With the infrared detector 1A having such a structure, it is possible to exhibit the same operational effect as that of the infrared detector 1.

The present invention is not limited to the above embodiment, but can be modified in various ways.

For example, in the above-mentioned embodiment, 2 on the substrate.
I explained the case of mounting the chip capacitors at intervals, but the number of chip capacitors mounted is 3,
It can be implemented as an arbitrary number such as four.

[0030]

According to the present invention described in detail above, the following effects can be obtained.

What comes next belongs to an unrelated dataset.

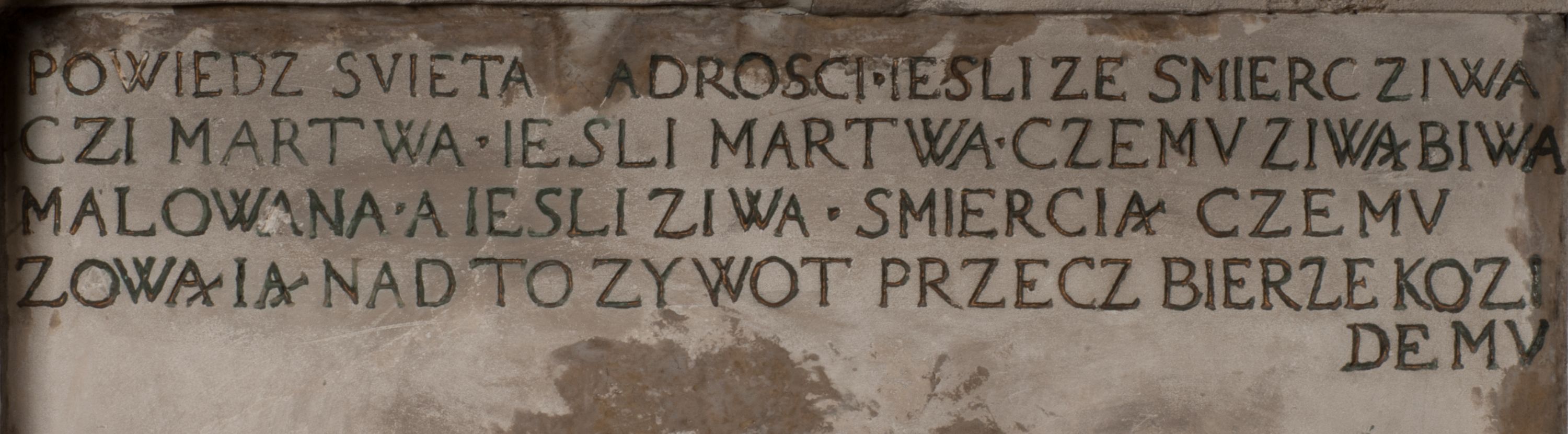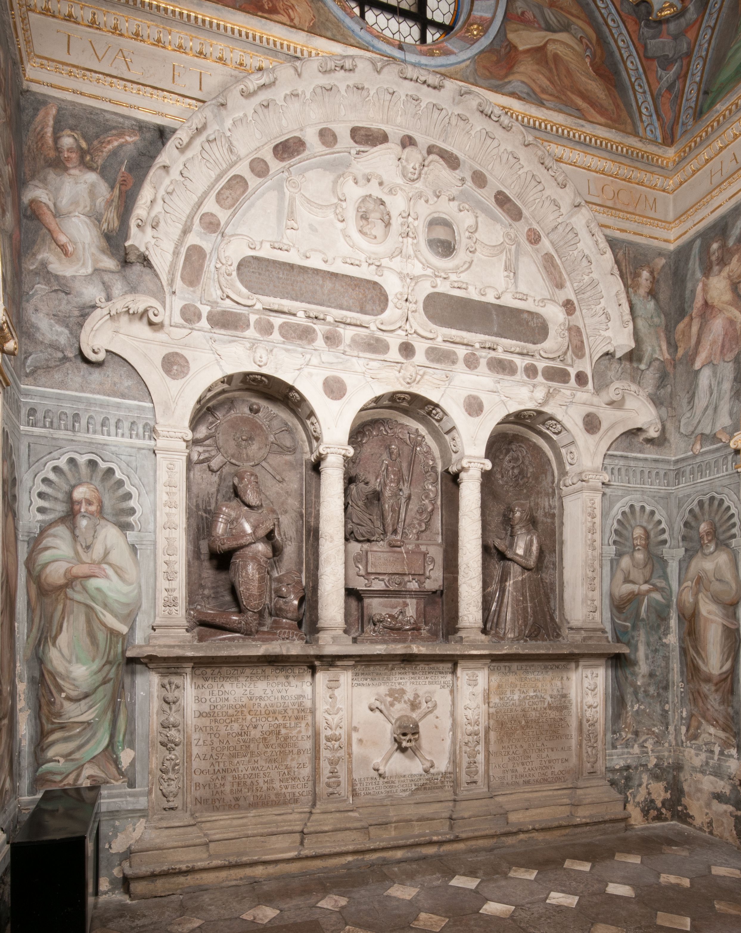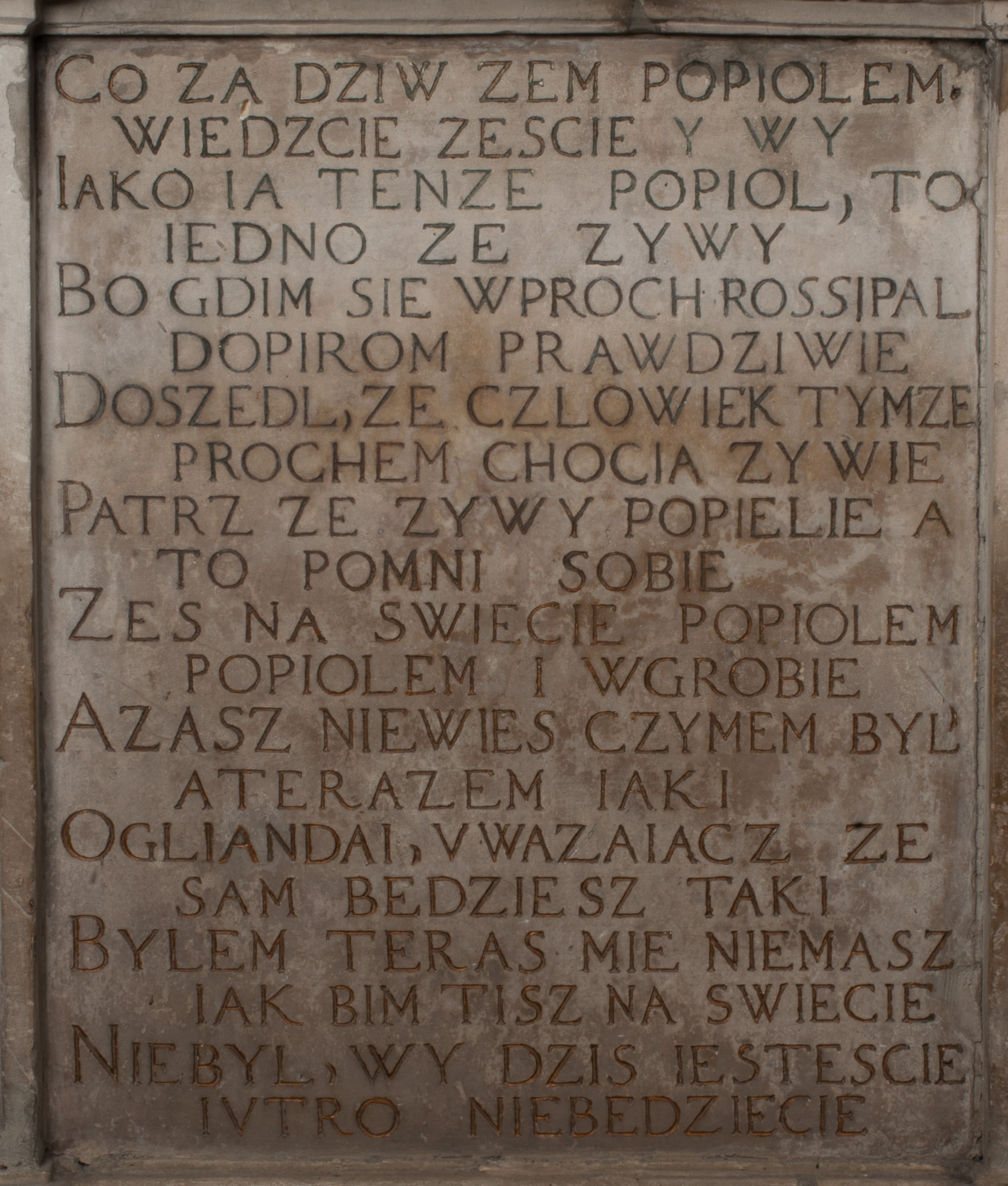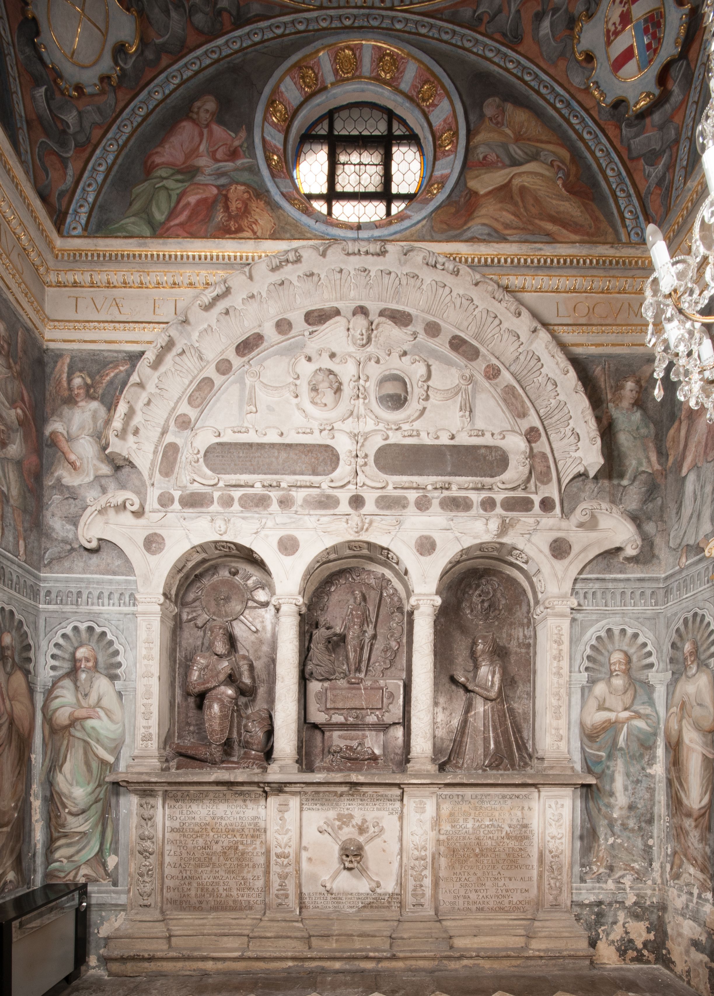 Dolna część artykułowa lizenami ozdobionymi motywami kandelabrowymi. W polu środkowym czaszka ze skrzyżowanymi piszczelami z inskrypcją w górnej i dolnej części: „POWIEDZ SVIETA [M]ADROSCI IESLI ZE SMIERC ZIWA / CZI MARTWA IESLI MARTWA CZEMV ZIWĄ BIWA / MALOWANA A IESLI ZIWA SMIERCIĄ CZEMV / ZOWIĄ IĄ NAD TO ZYWOT PRZECZ BIERZE KOZI/DEMV / TA IEST NA TWE PITANIE ODPOWIEC PRAWDZIWA / GDI TI ZYESZ SMIERC MARTVA GDY VMIERAS ZIWA / A IESLI ZLA CZI DOBRA CHCZES WIEDZIEC LI O TYM / IAKIS SĄM TAKĄ SMIELE SMIERC MIEĆ BĘDZIESZ PO TYM”. Na lewym polu inskrypcja „CO ZA DZIW ZEM POPIOLEM / WIEDZCIE ZESCIE WY / IAKO IA TENZE POPIOL, TO / IEDNO ZE ZYWY / BO GDIM SIĘ W PROCH ROSSIPAL / DOPIROM PRAWDZIWIE DOSZEDL, ZE CZLOWIEK TYMZE / PROCHEM CHOCIA ZYWIE / PATRZ ZE ZYWY POPIELIE A / TO POMNI SOBIE / ZES NA SWIECIE POPIOLEM / POPIOLEM I W GROBIE / A ZASZ NIEWIES CZYMEM BYL / A TERAZEM IAKI / OGLIANDAI, VWAZAIACZ ZE / SAM BEDZIESZ TAKI / BYLEM TERAS MIE NIE MASZ / IAK BIM TISZ NA SWIECIE / NIE BYL WY DZIS IESTESCIE / IUTRO NIEBEDZIECIE”. W polu cokołu „KTO TV LEZY POBOZNOSC / CNOTA OBYCZAIE / IAKICH NIERYCHLO VIZRĄ / BLISKO LEGLE KRAIE / IAKOSZ IE TAK MALY KĄT / MOGL ZACHOWAC W SOBIE / CZOSZ ALBO CNOTI LVCZKIE / GRZEBIĄ SCZIALEM W GROBIE / TILKOC TV CIALO LIEZY LIECZ / DVSZA W PRZESTRONE / NIEBIESKIE GMACHI WESŁA / KĘDI NIEZLICZONE / LATA POWIEDZIE. CZEMV IZE / MATKĄ BYLA / NIERZKAC POTOMSTWV ALIE / I SIROTOM SILA / TAKCI ZYWOT ZYWOTEM BYWA ZAKVPIONY / DOBRI FRIMARK DAC PLOCHI / ZA ON NIESKONCZONY”. Cokół zamyka wąski, silnie wysunięty gzyms z kimationem jońskim.

According to the first aspect of the present invention, since the above-mentioned structure is adopted, the connection between the pyroelectric element and the conductive pattern of the substrate can be facilitated, and the manufacturing cost can be reduced. It is possible to provide an infrared detector that can be reduced in mass production and is excellent in mass productivity.

According to the second aspect of the invention, it is possible to provide an infrared detector in which the output signal from the pyroelectric element can be easily taken out.

According to the third aspect of the present invention, it is possible to provide an infrared detector capable of improving the packaging density of circuit components and further downsizing the entire structure.

[Brief description of drawings]

FIG. 1 is a perspective view showing an embodiment of an infrared detector of the present invention with a part cut away.

FIG. 2 is a perspective view showing the appearance of the infrared detector of this embodiment.

FIG. 3 is an equivalent circuit diagram of the infrared detector of this embodiment.

FIG. 4 is an equivalent circuit diagram of another example of the infrared detector of this embodiment.

FIG. 5 is a perspective view showing another embodiment of the infrared detector of the present invention with a part cut away.

[Explanation of symbols]

 1 Infrared Detector 2 Substrate 3 Conductive Pattern 4 Pyroelectric Element 5 Pyroelectric Element 5a Surface Electrode 6 Chip Capacitor 6a, 6b End Electrode 11 Circuit Parts

Claims (3)

[Claims] 1. A substrate having a conductive pattern formed on its surface, a pyroelectric element having a front electrode and a back electrode formed on both front and back surfaces of a pyroelectric element, and the pyroelectric element suspended above the substrate. An infrared detector comprising: at least two chip capacitors that support and are provided with a conductive pattern of the substrate and an end electrode connected to a back electrode of a pyroelectric element. 2. The pyroelectric element includes at least two pairs of electrodes connected in anti-series, and a back electrode of the pyroelectric element and a conductive pattern of a substrate are connected by each end electrode of the chip capacitor. The infrared detector according to claim 1, which is a 3. The infrared detector according to claim 1, wherein another circuit component is mounted between the chip capacitors that support the pyroelectric element in a floating state on the substrate.